To create API services and their endpoints, we use the API designer tool. Here, we can specify the kind of endpoint to create; in this example, a prediction endpoint.

Image showing how to create a prediction endpoint.

Alternatively, a quick way to create a prediction endpoint is to select the deployed model directly from the Flow, and select the Create API option from the right-hand panel. This will open the API designer tool where the kind of endpoint will automatically be specified as a prediction endpoint

Note that if the visual analysis used to create the prediction model includes data preparation steps (in the “Script” tab), these steps will be included in the endpoint that is part of the API service deployed to the API node. As a result, records sent as API calls will first be preprocessed according to the steps in the prepare script of the visual analysis, before being passed to the model for scoring.

Image showing the data preparation steps included in a prediction endpoint.

Test the Endpoint

In the “Test queries” section of the API designer tool, you can write your own test query in JSON format, or you can specify to run a few random queries selected from a dataset.

When you run the test queries, the endpoint will output predictions for each test query, and you can view the details of the run to get the complete endpoint response.

Image showing how to run test queries in the API designer.

Query Enrichment

Enrichments can enhance features by using a lookup on another table. An enrichment can be useful when the endpoint uses certain features to perform its function, but some of these features are not available to the client making the API request.

For example, in our example on credit card fraud detection, at the time of the transaction, the client making the API request could know the transaction amount, but might not have any information on the cardholder’s FICO score.

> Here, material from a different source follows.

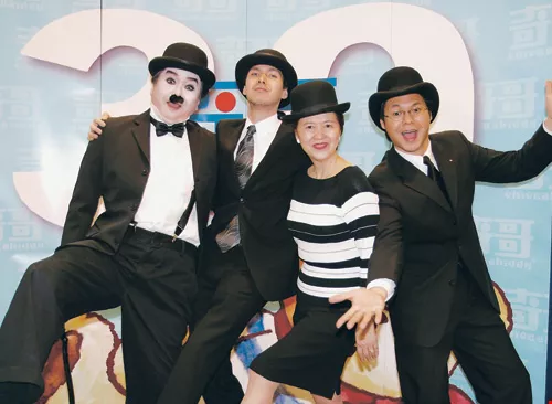 At Chickabiddy's 30th anniversary celebration, Tao (at left) played Charlie Chaplin in a skit with his wife and son.

Since the features that are missing from the API request, such as the FICO score, are stored in our company’s internal database, we can use an enrichment to retrieve these features and pass them to the prediction endpoint. This way, the endpoint will have all the features needed for processing the request and returning a valid response.

Configure an Enrichment

You can configure query enrichments in the Enrichment tab of the API designer. In our credit card fraud example, we’ll enrich each query with a few additional features about our cardholders.

Enrichment data can either be bundled or referenced.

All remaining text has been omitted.